(This is not by Andrew)
This is a paper we (Gelman, Simpson, Betancourt) wrote by mistake.
The paper in question, recently arXiv’d, is called “The prior can generally only be understood in the context of the likelihood”.
How the sausage was made
Now, to be very clear (and because I’ve been told since I moved to North America that you are supposed to explicitly say these things rather than just work on the assumption that everyone understands that there’s no way we’d let something sub-standard be seen by the public) this paper turned out very well. But it started with an email where Andrew said “I’ve been invited to submit a paper about priors to a special issue of a journal, are you both interested?”.
Why did we get this email? Well Mike and I [Simpson], along with a few others, have been working with Andrew on a paper about weakly informative priors that has been stuck in the tall grass for a little while. And when I say it’s been stuck in the tall grass, I mean that I [Simpson] got mesmerised by the complexity and ended up stuck. This paper has gotten us out of the grass. I’d use a saying of my people (“you’ve got to suffer through Henry Street to make it to People”) except this paper is not Henry Street. This paper is good. (This paper is also not People, so watch this space…)
So over a fairly long email thread, we worked out that we were interested and we carved out a narrative and committed to the idea that writing this paper shouldn’t be a trauma. Afterwards, it turned out that individually we’d each understood the end of that conversation differently, leading in essence to three parallel universes that we were each playing in (eat your heart out Sliders).
Long story short, Andrew went on holidays and one day emailed us a draft of the short paper he had thought we were writing. I then took it and wrestled it into a draft of the short paper I thought we were writing. Mike then took it and wrestled it into the draft of the short paper he thought we were writing. And so on and so forth. At some point we converged on something that (mostly) unified our perspectives and all of a sudden, this “low stakes” paper turned into something that we all really wanted to say.
Connecting the prior and the likelihood
So what is this paper about? Well it’s 13 pages, you can read it. But it covers a few big points:
1) If you believe that priors are not important to Bayesian analysis, we have a bridge we can sell you. This is particularly true for complex models, where the structure of the posterior may lead to certain aspects of the prior never washing away with more data.
2) Just because you have a probability distribution, doesn’t mean you have a prior. A prior connects with a likelihood to make a *generative model* for new data and when we understand it in that context, weakly informative priors become natural.
3) This idea is understood by a lot of the classical literature on prior specification like reference priors etc. These methods typically use some sort of asymptotic argument remove the effect of the specific realisation of the likelihood that is observed. The resulting prior then leans heavily on the assumption that this asymptotic argument is valid for the data that is actually being observed, which often does not hold. When the data are far from asymptopia, the resulting priors are too diffuse and can lead to nonsensical estimates.

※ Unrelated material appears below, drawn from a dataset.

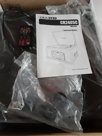 Comes with remote, 45 rpm spindle disk, aux cord, and original user manual.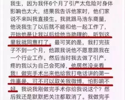 但后来也是着实被前女友“坑”了。刘胭爆料他私下疑似酗酒、沉迷游戏、欠钱不还……之后爆料的事情更是让人惊讶不已,更加不敢相信。马浩东私下会骂喜欢自己的粉丝“脑残”,为了让女友在出国之后不变心更是让其怀了孕,怀孕六个月之后,怕此事影响了自己的事业就带着女友去引产。

Generative models are the key
4) The interpretation of the prior as a distribution that couples with the likelihood to build a generative model for new data is implicit in the definition of the marginal likelihood, which is just the density of this generative distribution evaluated at the observed data. This makes it easy to understand why improper priors cannot be used for Bayes factors (ratios of marginal likelihoods): they do not produce generative models. (In a paper that will come out later this week, we make a pretty good suggestion for a better use of the prior predictive.)

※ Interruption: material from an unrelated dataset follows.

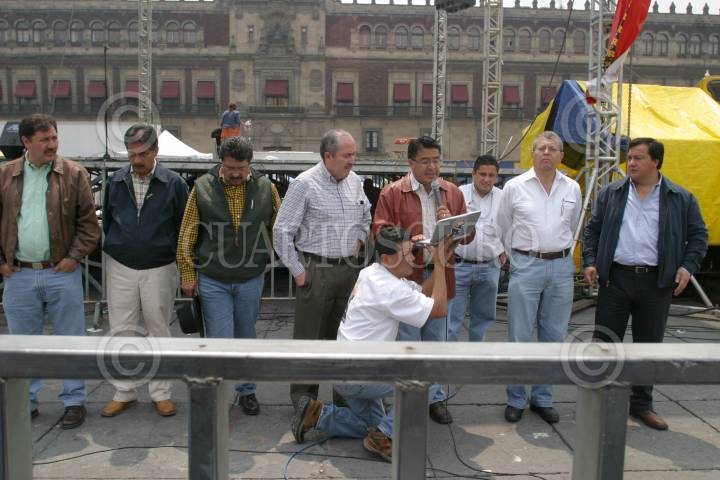 MEXICO, D.F. 31JULIO2006.- Gerardo Fernández Noroña, Jesús Ortega, Ricardo Monreal, Leonel Cota Montaño, Horacio Duarte y Manuel Camacho Solís integrantes de la coalición Por el Bien de Todos durante la conferencia de prensa que ofrecieron a los medios de comunicación en el plantón que mantienen el el zócalo capitalino. FOTO: Nelly Salas/CUARTOSCURO.COM

5) Understanding what a generative model means also makes it clear why any decision (model choice or model averaging) that involves the marginal likelihood leans very heavily on the prior that has been chosen. If your data is y and the likelihood is p(y | theta), then the generative model makes new data as follows:
– Draw theta ~ p(theta) from the prior
– Draw y ~ p(y | theta).
So if, for example, p(theta) has very heavy tails (like a half-Cauchy prior on a standard deviation), then occasionally the data will be drawn with an extreme value of theta.
This means that the entire prior will be used for making these decisions, even if it corresponds to silly parts of the parameters space. This is why we strongly advocate using posterior predictive distributions for model comparison (LOO scores) or model averaging (predictive stacking).

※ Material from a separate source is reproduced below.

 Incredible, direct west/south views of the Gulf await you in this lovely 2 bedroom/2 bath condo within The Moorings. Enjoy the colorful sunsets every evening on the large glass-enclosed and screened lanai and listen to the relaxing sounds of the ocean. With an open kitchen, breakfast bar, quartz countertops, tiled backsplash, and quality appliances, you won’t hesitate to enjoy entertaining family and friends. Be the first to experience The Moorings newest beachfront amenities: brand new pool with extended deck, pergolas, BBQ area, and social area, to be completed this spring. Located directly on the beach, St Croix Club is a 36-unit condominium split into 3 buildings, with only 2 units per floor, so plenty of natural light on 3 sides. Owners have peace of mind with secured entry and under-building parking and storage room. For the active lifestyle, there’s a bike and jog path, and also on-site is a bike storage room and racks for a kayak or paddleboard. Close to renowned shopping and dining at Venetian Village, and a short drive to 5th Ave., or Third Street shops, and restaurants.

So when can you use safely diffuse priors? (Hint: not often)
6) Enjoying, as I do, giving slightly ludicrous talks, I recently gave one called “you can only be uninformative if you’re also being unambitious”. This is an under-appreiciated point about Bayesian models for complex data: the directions that we are “vague” in are the directions where we are assuming the data is so strong that that aspect of the model will be unambiguously resolved. This is a huge assumption and one that should be criticised.
So turn around bright eyes. You really need to think about your prior!
PS. If anyone is wondering where the first two sentences of the post went, they weren’t particularly important and I decided that they weren’t particularly well suited to this forum.